## AIM OF THE EXERCISE
Please set out each line below exactly as it stands, without the images.
┌────────
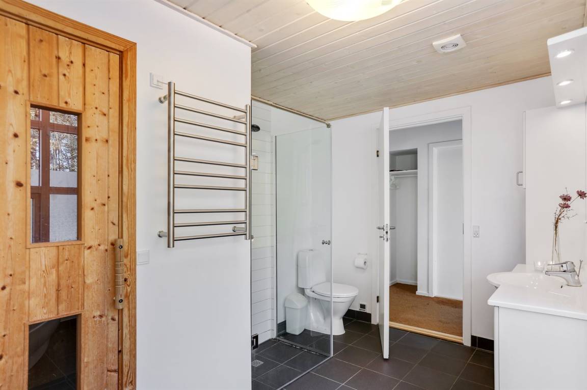 WC und BadEs gibt 2 Badezimmer mit Duschnische und 2 Toiletten.. Fußbodenheizung in 2 Badezimmern. Es steht eine Sauna zur Verfügung in der Sie sich so richtig entspannen können.
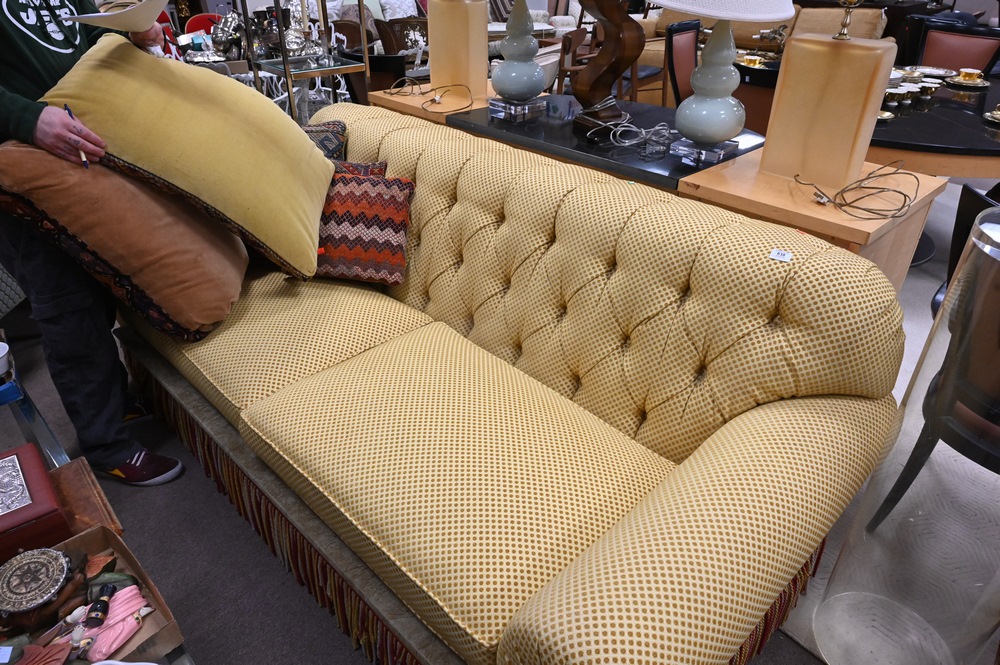 Lot 638: TRS Custom Upholstered Sofa, having tufted back, height 33 inches, length 89 inches, (right front fringe is partially missing).
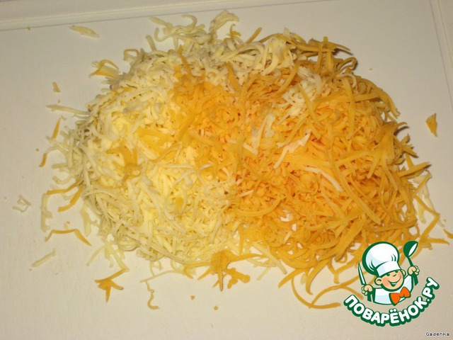 Сыр натереть на мелкой терке. Я брала два вида твердого сыра.
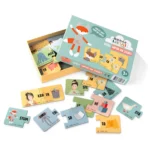 • Komplektā ietilpst: 24 kartītes, 4 metamie kauliņi (sarkans, dzeltens, zils, zaļš), kauliņu uzlīmes un spēles noteikumi.
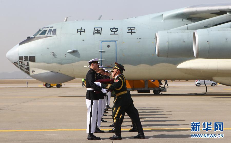 3月20日,在韩国仁川国际机场,韩方向中方礼兵(右)交接中国人民志愿军烈士遗骸。当日,中韩双方在韩国仁川机场再次对2014年发掘确认的志愿军烈士遗骸进行交接。根据中韩双方达成的共识,对在韩国发掘的中国人民志愿军烈士遗骸,每年清明节前协商交接。2014年3月28日,中韩双方曾举行了在韩中国人民志愿军烈士遗骸首次交接仪式。新华社记者姚琪琳摄
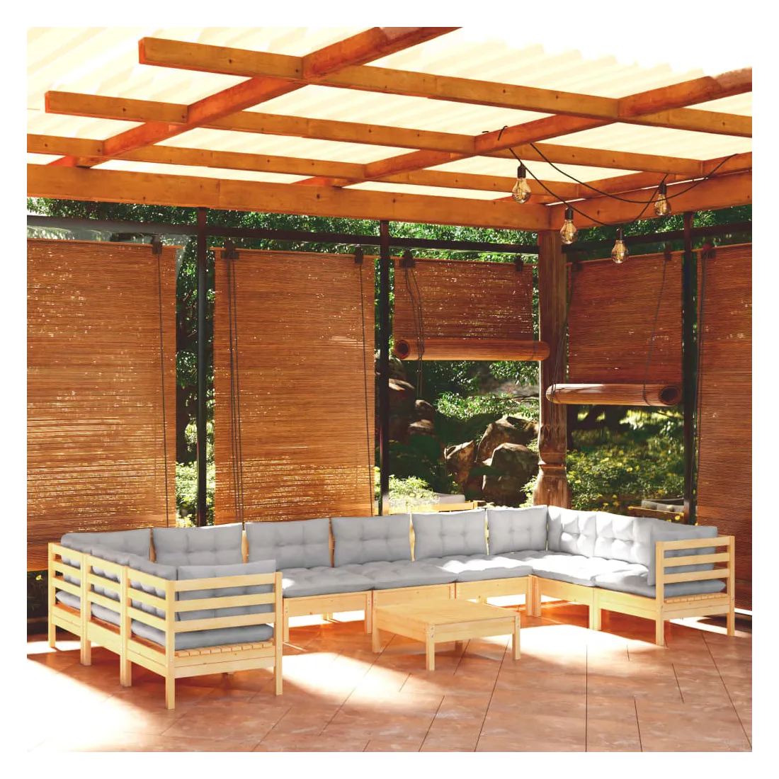 Cet ensemble de salon de jardin en bois est un choix excellent pour vous détendre et profiter du bon temps, faire une sieste ou discuter avec votre famille ou vos amis. Le salon de patio est fabriqué en bois de pin massif, ce qui le rend robuste et stable. Les coussins ajoutent un confort supplémentaire. Vous pouvez le combiner avec d’autres segments modulaires pour créer vos propres configurations de salon de jardin ! Remarque : afin de prolonger la durée de vie des meubles d'extérieur, nous vous recommandons de les protéger avec une housse imperméable.
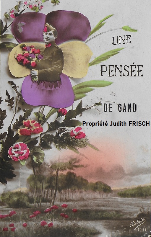 Carte de « fantaisie », production « BELGIA ». Elle a été envoyée par « Georges » à « Angèle ». Deux amoureux de la Rue d’en Haut à Deux-Acren. C’était en novembre 1923. Cachets et timbre faisant foi. Il n’y a pas de texte. La photo parle d’elle-même, « Georges » lui transmet « Une pensée de Gand » avec un grand bouquet de roses rouges. Vous imaginez ce que cela a de romantique alors que la guerre de 14-18 venait de se terminer et que les jeunes appelés étaient encore mobilisés ? Ces cartes nous sont personnelles. Reproduction interdite. Elles ne sont ni à vendre, ni à donner.
└────────
## THE COMPLETED TASK
 WC und BadEs gibt 2 Badezimmer mit Duschnische und 2 Toiletten.. Fußbodenheizung in 2 Badezimmern. Es steht eine Sauna zur Verfügung in der Sie sich so richtig entspannen können.
 Lot 638: TRS Custom Upholstered Sofa, having tufted back, height 33 inches, length 89 inches, (right front fringe is partially missing).
 Сыр натереть на мелкой терке. Я брала два вида твердого сыра.
 • Komplektā ietilpst: 24 kartītes, 4 metamie kauliņi (sarkans, dzeltens, zils, zaļš), kauliņu uzlīmes un spēles noteikumi.
 3月20日,在韩国仁川国际机场,韩方向中方礼兵(右)交接中国人民志愿军烈士遗骸。当日,中韩双方在韩国仁川机场再次对2014年发掘确认的志愿军烈士遗骸进行交接。根据中韩双方达成的共识,对在韩国发掘的中国人民志愿军烈士遗骸,每年清明节前协商交接。2014年3月28日,中韩双方曾举行了在韩中国人民志愿军烈士遗骸首次交接仪式。新华社记者姚琪琳摄
 Cet ensemble de salon de jardin en bois est un choix excellent pour vous détendre et profiter du bon temps, faire une sieste ou discuter avec votre famille ou vos amis. Le salon de patio est fabriqué en bois de pin massif, ce qui le rend robuste et stable. Les coussins ajoutent un confort supplémentaire. Vous pouvez le combiner avec d’autres segments modulaires pour créer vos propres configurations de salon de jardin ! Remarque : afin de prolonger la durée de vie des meubles d'extérieur, nous vous recommandons de les protéger avec une housse imperméable.
 Carte de « fantaisie », production « BELGIA ». Elle a été envoyée par « Georges » à « Angèle ». Deux amoureux de la Rue d’en Haut à Deux-Acren. C’était en novembre 1923. Cachets et timbre faisant foi. Il n’y a pas de texte. La photo parle d’elle-même, « Georges » lui transmet « Une pensée de Gand » avec un grand bouquet de roses rouges. Vous imaginez ce que cela a de romantique alors que la guerre de 14-18 venait de se terminer et que les jeunes appelés étaient encore mobilisés ? Ces cartes nous sont personnelles. Reproduction interdite. Elles ne sont ni à vendre, ni à donner.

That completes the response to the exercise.